I expect they will improve over the next few years to the point that we will see pro loggers using them at least on a limited basis. The first cordless drill that I owned was a joke, now I only use a plug in drill for the most demanding tasks. I have a older cordless circular saw that is OK for the odd cut here and there now I see guys using them as the go to jobsite saw. I'm sure chainsaws will find their way from the back yard to the forest in time.

Reactions: Agree 3


----------



## CWS (Jun 16, 2019)

I have a battery Stihl chainsaw. I love it for trimming branches and I use it a lot to cut wood slabs into shorter pieces to bring them into the shop. The 40 volt battery last about 35 minutes which is 15 minutes longer than me.

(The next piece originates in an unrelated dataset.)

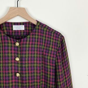 Peep this INCREDIBLE vintage beauty by Cristy Girl New York. Not only is this gem made in the USA, but it also SCREAMS 1980s mean girl with a small dose of Clueless vibes. Gold toned buttons are magically complimentary to the bright pink, purple, and green plaid jacket. Cleverly placed darting at the waistline provides a flattering fit. Additional darting on sleeves. Perfectly soft, comfortable, and lightweight.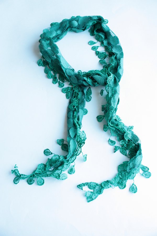 Szal o niezwykłej ażurowej fakturze i kolorze (mocny, twarzowy turkus).

Reactions: Like 1 | Funny 6


----------



## Graybeard (Jun 17, 2019)

Battery technology has improved a lot. I suspect it will only get better.


----------



## Rich P. (Jun 19, 2019)

I have owned the Dewalt Flexvolt saw for over a year. It is handy in the shop cutting up Burls to get them on the bandsaw and chunking up slabs. 
I also use it a lot for yard cleanup. It has become my goto saw for anything under 6-8 inches in Diameter. I already had several Dewalt tools and 7 flexvolt batteries so it made sense to buy it. I keep it in a cupboard in the shop and it has not leaked any oil. 

Rich


----------